── Given data

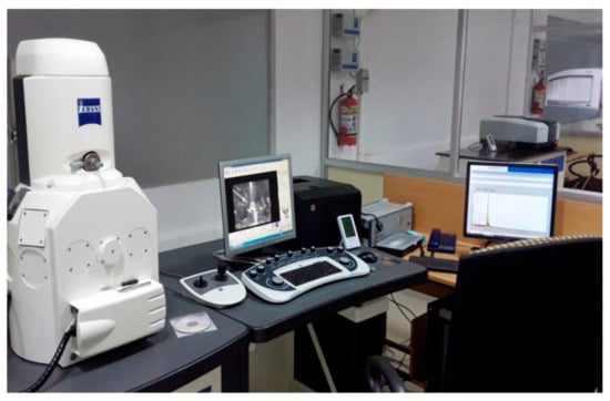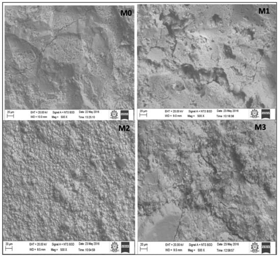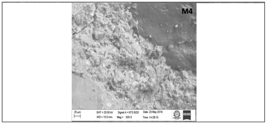 The morphology of the concrete mixes as obtained from the Scanning Electron Microscope Equipment (Figure 15) and result images is shown in Figure 16. The main strengthening phase present in the concrete is the CSH gel. The formation of CSH gel also depends on the grain size and distribution of the aggregates. The pore size distribution and composition of the continuous phases in the concrete also plays a vital role in the CSH gel formation. From the SEM images the bright phases of CSH gel formations are seen in the concrete mixes. It can be clearly seen that the CSH gel formed was spread uniformly throughout the concrete mixes that formed a layer over the aggregates that acted as binder for the cement matrix and the aggregates. The presence of dark regions in the SEM images indicates the voids or pores in the concrete which is visibly reduced in all the concrete mixes indicating the contribution of marble powder and green sand in porosity reduction. Since the strength of the concrete is inversely proportional to the number of voids, the improved strength of the concrete may be attributed to the reduction in voids of the concrete. The microstructure also shows the well distribution of the marble powder and green sand in the concrete that improved the morphology of the concrete by densifying the microstructure. Moreover the use of metakaolin as a partial substitute for cement also enhanced the hydration reaction, due to its pozzolanic behavior, which transforms the CH to CSH gel and fills the pores of the concrete, which in turn increases the compressive and flexural strength.
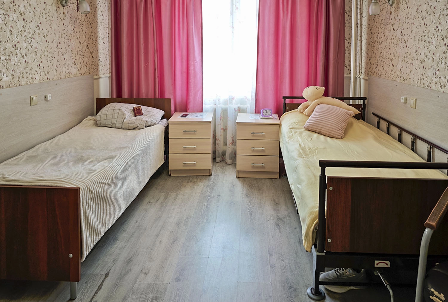 Пансионат для пожилых людей «Химки» вмещает всего 80 жильцов, комнаты рассчитаны на несколько человек. В каждой комнате есть отдельный санузел с безопасным нескользящим покрытием, поручнями, подножками. Территория оборудована таким образом, чтобы по ней беспрепятственно могли перемещаться постояльцы на инвалидных креслах. Комнаты для лежачих больных оборудованы функциональными кроватями.
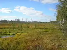 The isthmus is mostly covered by coniferous forests formed by Scots pine (Pinus sylvestris) and Norway spruce (Picea abies), with numerous lakes (e.g. Lake Sukhodolskoye and Lake Glubokoye) as well as small grass, fen and Sphagnum raised bogs. Forests cover approximately 11.700 km of the isthmus, more than three-fourths of its total square. Swampy areas occupy on average 5.5 percent of the territory. In the large contiguous area along the shore of Lake Ladoga in Vsevolozhsky District, in the southeastern part of the isthmus, bogs occur much more frequently than in other parts. The same was once true of the lowland along the Neva River, which has been drained.[4] The soil is predominantly podsol, which contains massive boulders, especially in the north and northwest, where large granite rocky outcrops occur.
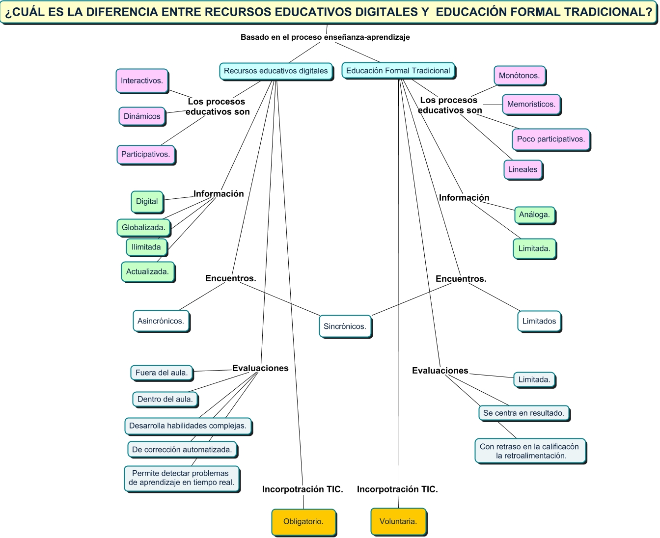 Este Cmap, tiene información relacionada con: DIFERENCIA ENTRE RECURSOS EDUCATIVOS DIGITALES Y EDUCACIÓN FORMAL TRADICIONAL, Recursos educativos digitales Incorpotración TIC. Obligatorio., Educación Formal Tradicional Evaluaciones Se centra en resultado., Recursos educativos digitales Evaluaciones Permite detectar problemas de aprendizaje en tiempo real., Educación Formal Tradicional Información Análoga., Recursos educativos digitales Encuentros. Sincrónicos., Educación Formal Tradicional Los procesos educativos son Memoristicos., ¿CUÁL ES LA DIFERENCIA ENTRE RECURSOS EDUCATIVOS DIGITALES Y EDUCACIÓN FORMAL TRADICIONAL? Basado en el proceso enseñanza-aprendizaje Recursos educativos digitales, Recursos educativos digitales Los procesos educativos son Participativos., Educación Formal Tradicional Los procesos educativos son Lineales, Educación Formal Tradicional Los procesos educativos son Poco participativos., Recursos educativos digitales Información Ilimitada, Educación Formal Tradicional Encuentros. Sincrónicos., Recursos educativos digitales Evaluaciones Desarrolla habilidades complejas., Recursos educativos digitales Evaluaciones Dentro del aula., Educación Formal Tradicional Encuentros. Limitados, Recursos educativos digitales Los procesos educativos son Interactivos., ¿CUÁL ES LA DIFERENCIA ENTRE RECURSOS EDUCATIVOS DIGITALES Y EDUCACIÓN FORMAL TRADICIONAL? Basado en el proceso enseñanza-aprendizaje Educación Formal Tradicional, Recursos educativos digitales Evaluaciones De corrección automatizada., Educación Formal Tradicional Información Limitada., Educación Formal Tradicional Los procesos educativos son Monótonos.
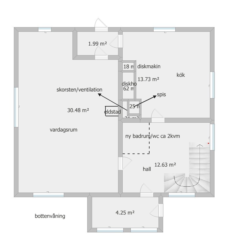 Vore tacksam om du kan hjälpa mig också med liknade situationen. Tänker ta bort väggen mellan vardagsrummet och kök. Det finns idag en öppning i denna vägg mot ytterväggen (dörr). Det är parallellt med takstolar. Tidigare ägare tagit bort (avväxlat) en bärande vägg vid garderoben i vardagsrummet som idag är matsal (röd markerat). Tror du att väggen mellan vardagsrummet och köket är antigen bärande eller uppstuvande? Har bifogat original ritningar (svarta) och dagens planlösning (vita). Stort tack i förhand.J justusandersson skrev:
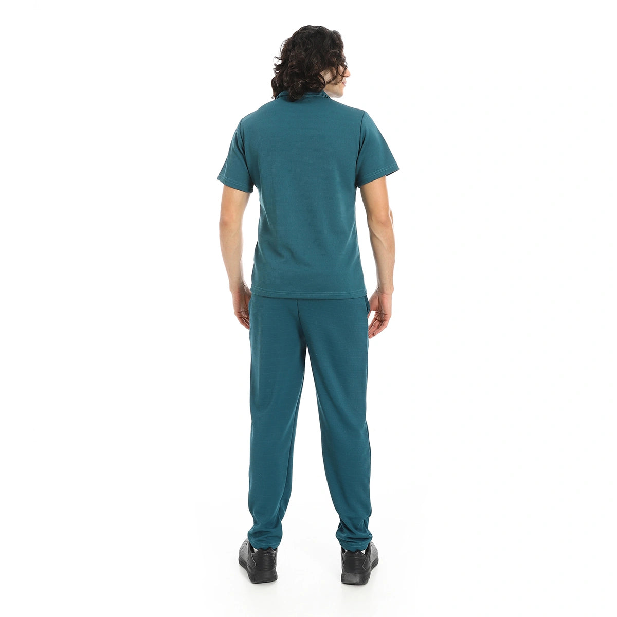 ريد سيركل - طقم تي شيرت وسروال بياقة مطوية من بيكيه - للرجال
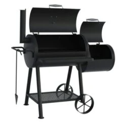Deze American barbecue Jaxon van Jamestown heeft alles in huis voor een geslaagde barbecue. Het onderstel met 2 wielen zorgt ervoor dat je grilt op een comfortabele werkhoogte en dat je de barbecue gemakkelijk kan verplaatsen. De zijtafel (45×27 cm) zorgt dan weer voor extra werkruimte. De barbecue beschikt over een ruimte grillplaat in gietijzer van 58 x 42,5cm waarop je gemakkelijk voor 8 personen kan koken. De ingebouwde thermometer tot slot zorgt ervoor dat je je vlees steeds op de juiste temperatuur kan bereiden.
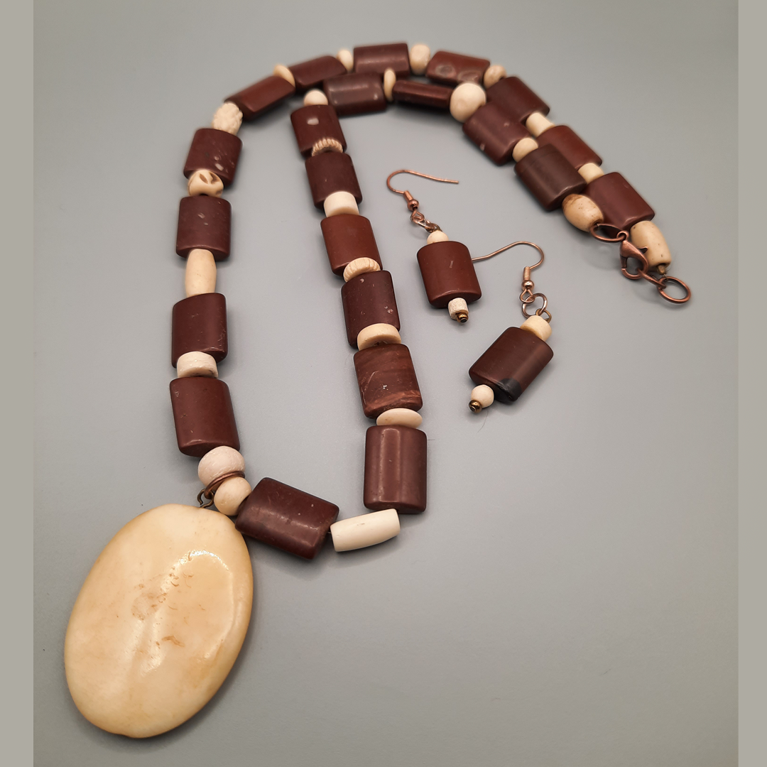 Red jasper and wood beads with a natural bone focusĀ Necklace and earring set.
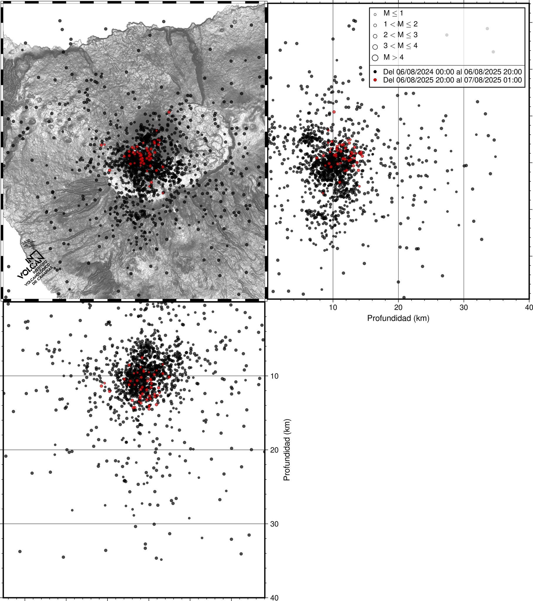 Ayer se produjeron otros dos enjambres sísmicos a 10 kilómetros de profundidad por debajo del Teide. Un enjambre fue causado por terremotos volcánicos/tectónicos, el segundo por terremotos hidrotermales, es decir, terremotos causados por la redistribución de líquidos y gases. Todos estos terremotos fueron de baja magnitud, inferiores a 1,3 mbLg.

────

# Task description
Return the material in full, word for word, and skip the pictures.

# Completed task
 The morphology of the concrete mixes as obtained from the Scanning Electron Microscope Equipment (Figure 15) and result images is shown in Figure 16. The main strengthening phase present in the concrete is the CSH gel. The formation of CSH gel also depends on the grain size and distribution of the aggregates. The pore size distribution and composition of the continuous phases in the concrete also plays a vital role in the CSH gel formation. From the SEM images the bright phases of CSH gel formations are seen in the concrete mixes. It can be clearly seen that the CSH gel formed was spread uniformly throughout the concrete mixes that formed a layer over the aggregates that acted as binder for the cement matrix and the aggregates. The presence of dark regions in the SEM images indicates the voids or pores in the concrete which is visibly reduced in all the concrete mixes indicating the contribution of marble powder and green sand in porosity reduction. Since the strength of the concrete is inversely proportional to the number of voids, the improved strength of the concrete may be attributed to the reduction in voids of the concrete. The microstructure also shows the well distribution of the marble powder and green sand in the concrete that improved the morphology of the concrete by densifying the microstructure. Moreover the use of metakaolin as a partial substitute for cement also enhanced the hydration reaction, due to its pozzolanic behavior, which transforms the CH to CSH gel and fills the pores of the concrete, which in turn increases the compressive and flexural strength.
 Пансионат для пожилых людей «Химки» вмещает всего 80 жильцов, комнаты рассчитаны на несколько человек. В каждой комнате есть отдельный санузел с безопасным нескользящим покрытием, поручнями, подножками. Территория оборудована таким образом, чтобы по ней беспрепятственно могли перемещаться постояльцы на инвалидных креслах. Комнаты для лежачих больных оборудованы функциональными кроватями.
 The isthmus is mostly covered by coniferous forests formed by Scots pine (Pinus sylvestris) and Norway spruce (Picea abies), with numerous lakes (e.g. Lake Sukhodolskoye and Lake Glubokoye) as well as small grass, fen and Sphagnum raised bogs. Forests cover approximately 11.700 km of the isthmus, more than three-fourths of its total square. Swampy areas occupy on average 5.5 percent of the territory. In the large contiguous area along the shore of Lake Ladoga in Vsevolozhsky District, in the southeastern part of the isthmus, bogs occur much more frequently than in other parts. The same was once true of the lowland along the Neva River, which has been drained.[4] The soil is predominantly podsol, which contains massive boulders, especially in the north and northwest, where large granite rocky outcrops occur.
 Este Cmap, tiene información relacionada con: DIFERENCIA ENTRE RECURSOS EDUCATIVOS DIGITALES Y EDUCACIÓN FORMAL TRADICIONAL, Recursos educativos digitales Incorpotración TIC. Obligatorio., Educación Formal Tradicional Evaluaciones Se centra en resultado., Recursos educativos digitales Evaluaciones Permite detectar problemas de aprendizaje en tiempo real., Educación Formal Tradicional Información Análoga., Recursos educativos digitales Encuentros. Sincrónicos., Educación Formal Tradicional Los procesos educativos son Memoristicos., ¿CUÁL ES LA DIFERENCIA ENTRE RECURSOS EDUCATIVOS DIGITALES Y EDUCACIÓN FORMAL TRADICIONAL? Basado en el proceso enseñanza-aprendizaje Recursos educativos digitales, Recursos educativos digitales Los procesos educativos son Participativos., Educación Formal Tradicional Los procesos educativos son Lineales, Educación Formal Tradicional Los procesos educativos son Poco participativos., Recursos educativos digitales Información Ilimitada, Educación Formal Tradicional Encuentros. Sincrónicos., Recursos educativos digitales Evaluaciones Desarrolla habilidades complejas., Recursos educativos digitales Evaluaciones Dentro del aula., Educación Formal Tradicional Encuentros. Limitados, Recursos educativos digitales Los procesos educativos son Interactivos., ¿CUÁL ES LA DIFERENCIA ENTRE RECURSOS EDUCATIVOS DIGITALES Y EDUCACIÓN FORMAL TRADICIONAL? Basado en el proceso enseñanza-aprendizaje Educación Formal Tradicional, Recursos educativos digitales Evaluaciones De corrección automatizada., Educación Formal Tradicional Información Limitada., Educación Formal Tradicional Los procesos educativos son Monótonos.
 Vore tacksam om du kan hjälpa mig också med liknade situationen. Tänker ta bort väggen mellan vardagsrummet och kök. Det finns idag en öppning i denna vägg mot ytterväggen (dörr). Det är parallellt med takstolar. Tidigare ägare tagit bort (avväxlat) en bärande vägg vid garderoben i vardagsrummet som idag är matsal (röd markerat). Tror du att väggen mellan vardagsrummet och köket är antigen bärande eller uppstuvande? Har bifogat original ritningar (svarta) och dagens planlösning (vita). Stort tack i förhand.J justusandersson skrev:
 ريد سيركل - طقم تي شيرت وسروال بياقة مطوية من بيكيه - للرجال
Deze American barbecue Jaxon van Jamestown heeft alles in huis voor een geslaagde barbecue. Het onderstel met 2 wielen zorgt ervoor dat je grilt op een comfortabele werkhoogte en dat je de barbecue gemakkelijk kan verplaatsen. De zijtafel (45×27 cm) zorgt dan weer voor extra werkruimte. De barbecue beschikt over een ruimte grillplaat in gietijzer van 58 x 42,5cm waarop je gemakkelijk voor 8 personen kan koken. De ingebouwde thermometer tot slot zorgt ervoor dat je je vlees steeds op de juiste temperatuur kan bereiden.
 Red jasper and wood beads with a natural bone focusĀ Necklace and earring set.
 Ayer se produjeron otros dos enjambres sísmicos a 10 kilómetros de profundidad por debajo del Teide. Un enjambre fue causado por terremotos volcánicos/tectónicos, el segundo por terremotos hidrotermales, es decir, terremotos causados por la redistribución de líquidos y gases. Todos estos terremotos fueron de baja magnitud, inferiores a 1,3 mbLg.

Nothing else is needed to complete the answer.